The only two mentioned so far that I’ve seen are The Sunshine Boys and The Station Agent, both of which I would recommend.

The Sunshine Boys is slow motion comedy. Watching George Burns and Walter Matthau re-arranging furniture in Matthau’s apartment is priceless. It’s one of my favorites.

Songwriter- Willie Nelson, Kris Kristofferson, Rip Torn in a charming, quirky little movie about the music business.

Tapeheads - John Cusack and Tim Robbins as pioneers in the early video business.

Repo Man - Emilio Estevez as a punk. Too weird to describe.

Tears of the Black Tiger - Bonkers Thai spaghetti-western action adventure romcom in supersaturated colour with surreal backdrops and cartoon violence. Yeah, that about covers it.

I saw and liked these as well.

I adore Shirley Booth - ‘Come Back, Little Sheba’ and also ‘Hot Spell’. (I really can’t understand the relationship in ‘About Mrs. Leslie’ - was it companionship, or were they having an ongoing once-a-year affair?)

In fact, I like those little 50’s slice-of-life dramas. (William Inge, especially - ‘All Fall Down’ is one of my favorites. Barry-Barry, you old rhinoceros!)
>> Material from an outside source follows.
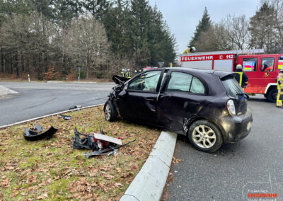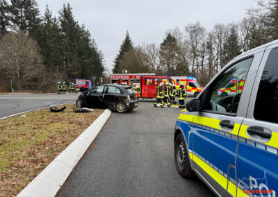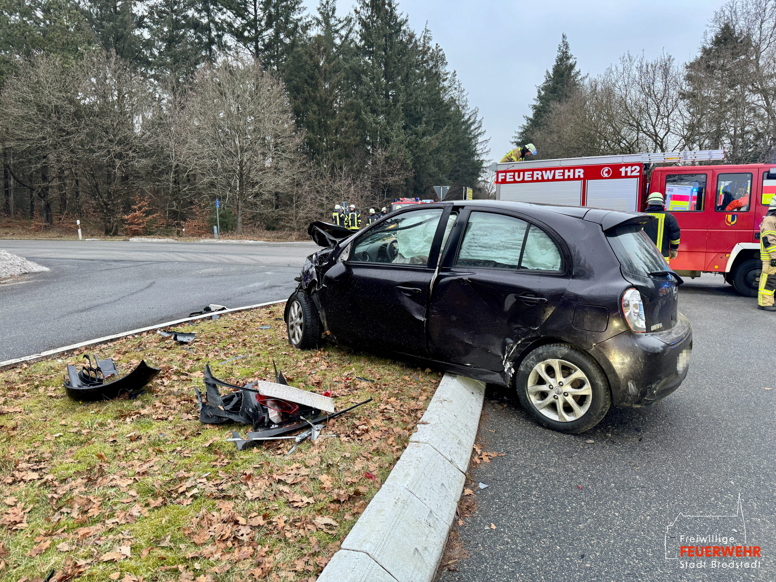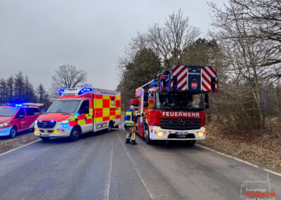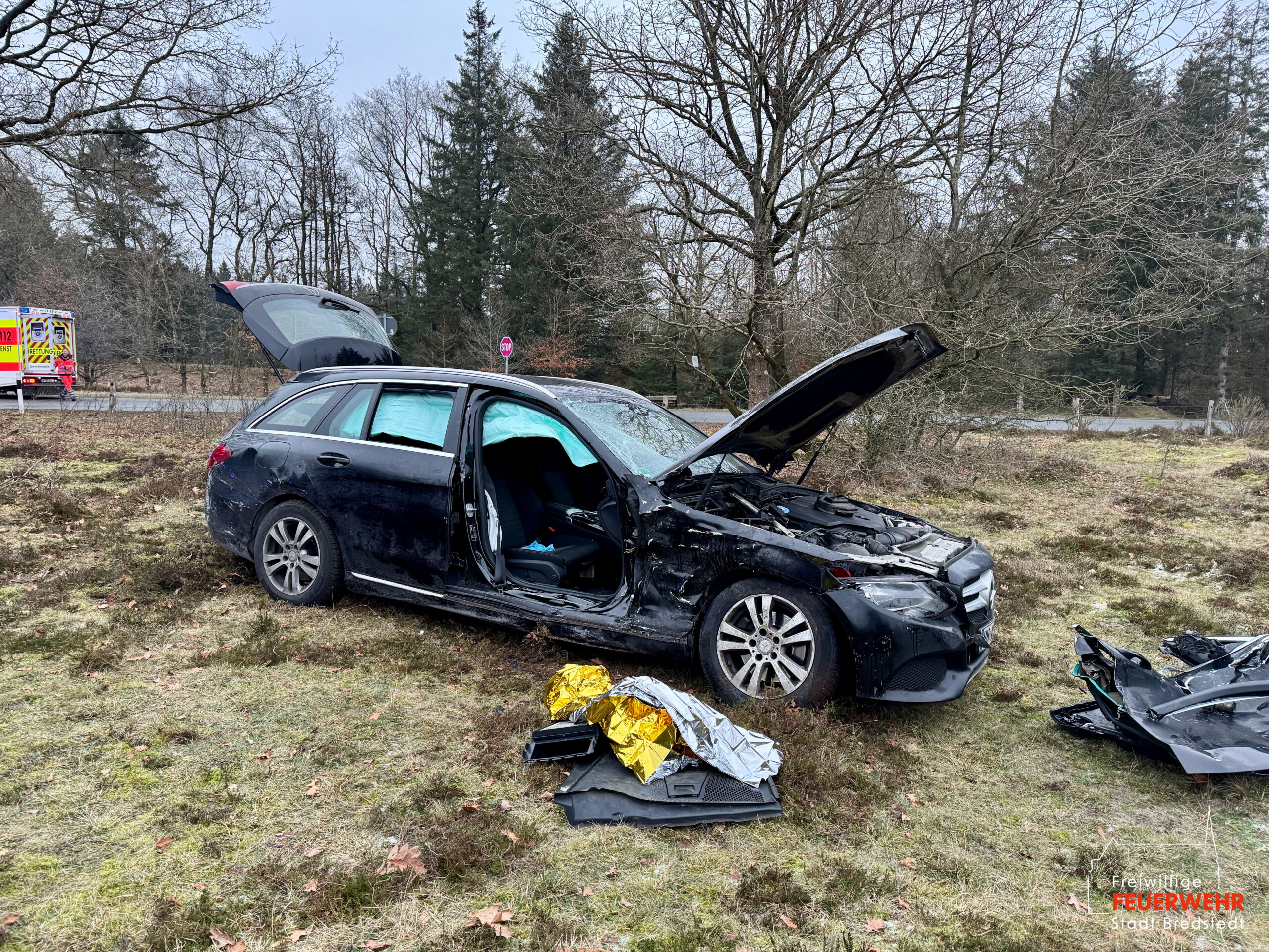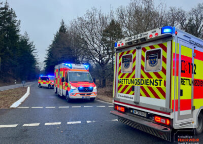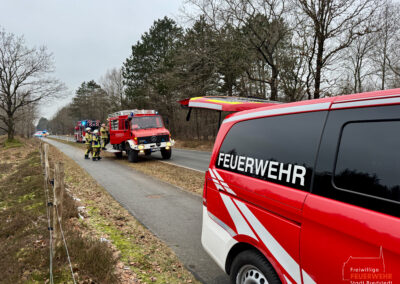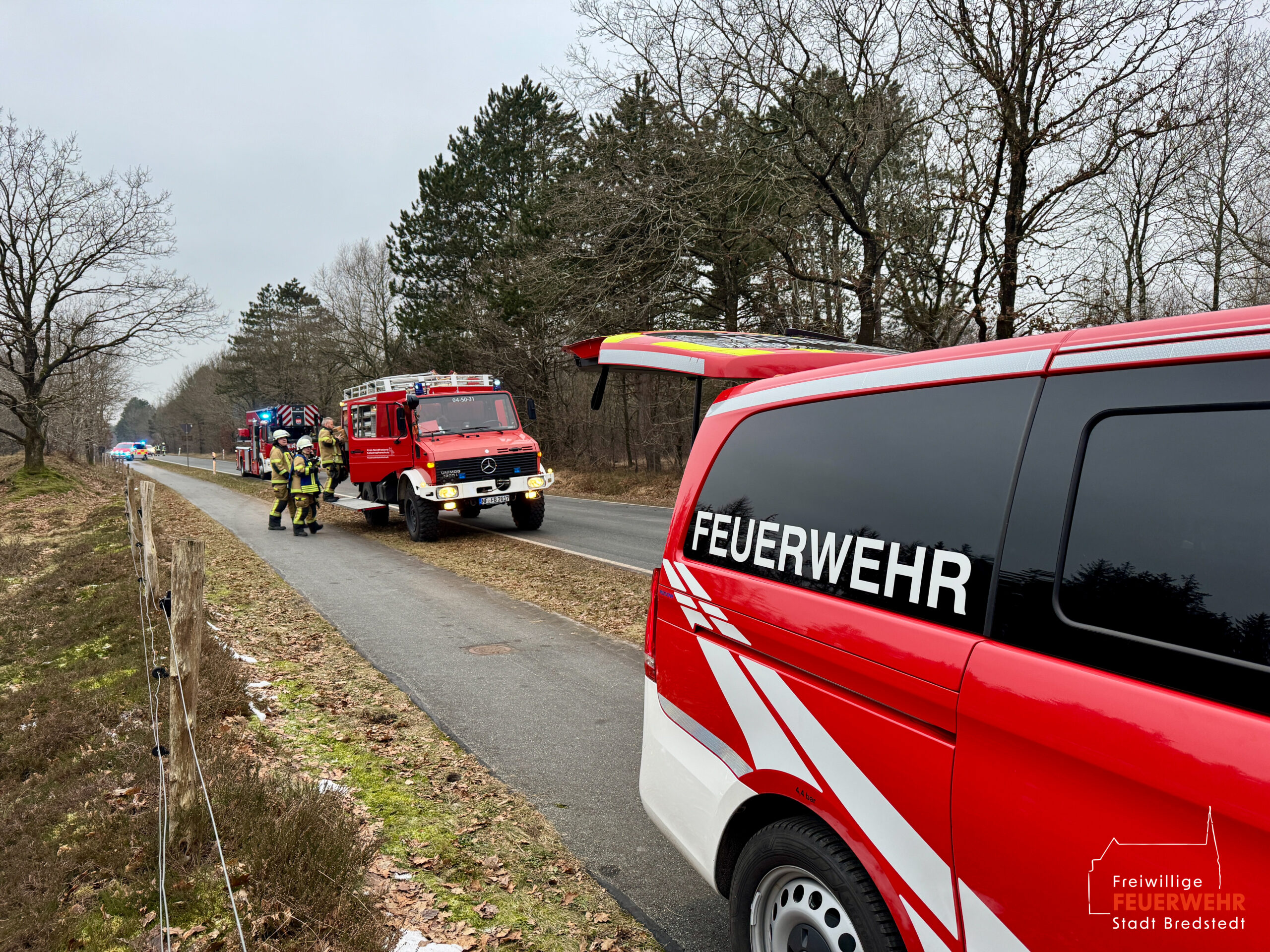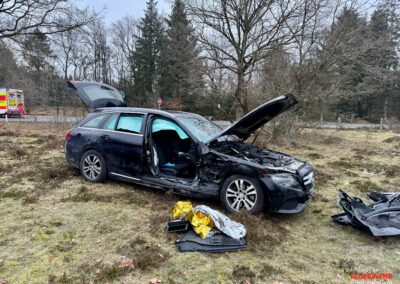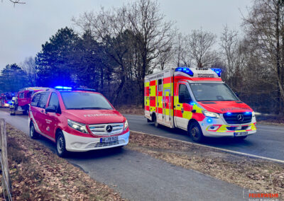 Vor Ort war es im Kreuzungsbereich zu einem Zusammenstoß zweier Kraftfahrzeuge gekommen. Dabei kam ein PKW stark deformiert abseits der Straße auf einer Heidefläche zum Stehen. Zum Zeitpunkt des Notrufs war die genaue Anzahl der Verletzten sowie der eingeklemmten Personen noch unklar, weshalb ein Großaufgebot des Rettungsdienstes alarmiert wurde. Gemeinsam mit der Feuerwehr Mönkebüll wurde die weitläufige Einsatzstelle erkundet und anschließend in Abschnitte aufgeteilt. In enger Absprache mit dem Rettungsdienst führten wir an einem der Unfallfahrzeuge eine patientengerechte Rettung mittels hydraulischem Rettungsgerät durch. Weitere an dem Unfall beteiligte Personen wurden bereits durch Ersthelfer betreut und anschließend an den Rettungsdienst übergeben. Nach umfangreicher medizinischer Versorgung wurden alle Verletzten in umliegende Krankenhäuser transportiert. Die Feuerwehr Bredstedt wurde nach Abschluss der Personenrettung aus dem Einsatz entlassen.
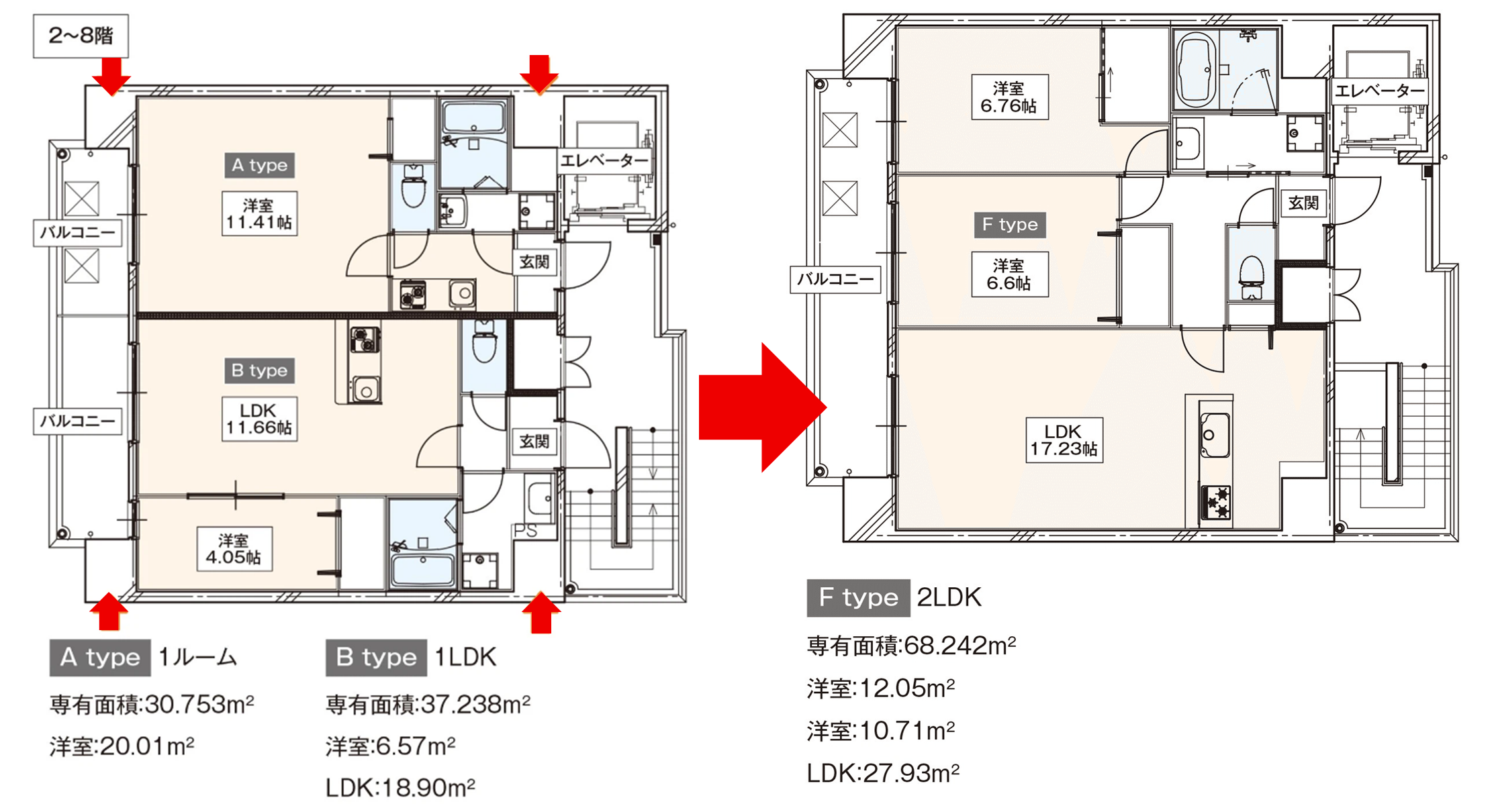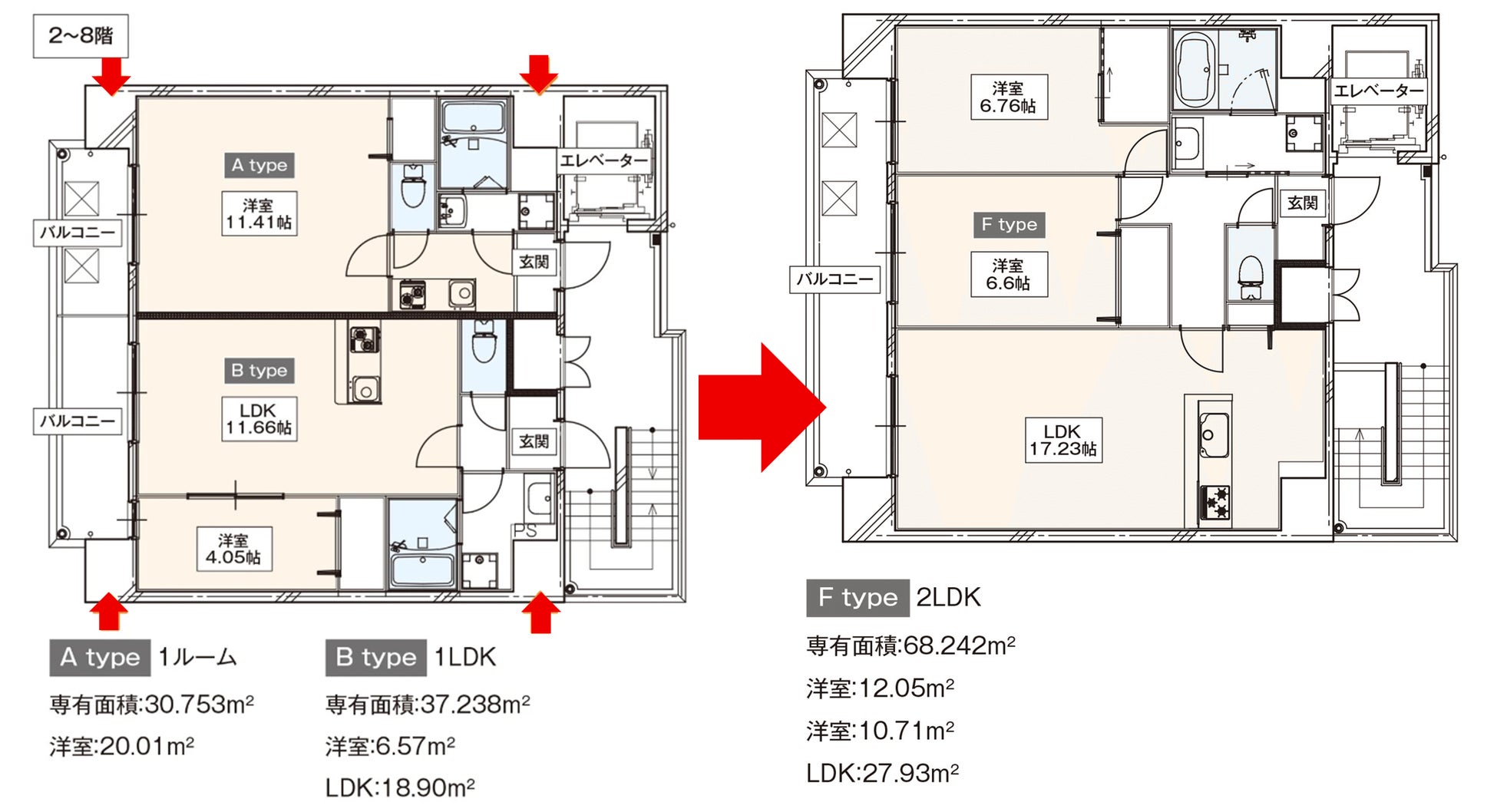 例えば、当社が建設したマンション「LaLa Glanz NAMBA(下図)」では、躯体部分は矢印で示した4つの柱と床の基礎のみで構成されています。間取りを仕切る「間仕切り壁」は躯体を支えるものではないため、取り除いて大規模な間取り変更が可能です。

Every time ‘Middle of the Night’ comes on TCM, I drop everything to watch it. From 1959, it stars Kim Novak as a divorced secretary who plans to marry her much older boss, Martin Balsam, to the distress of all her friends and family. Akin to ‘Marty’, it’s low key black and white, a lot like an expanded early TV show from the time. But I get a kick out of it.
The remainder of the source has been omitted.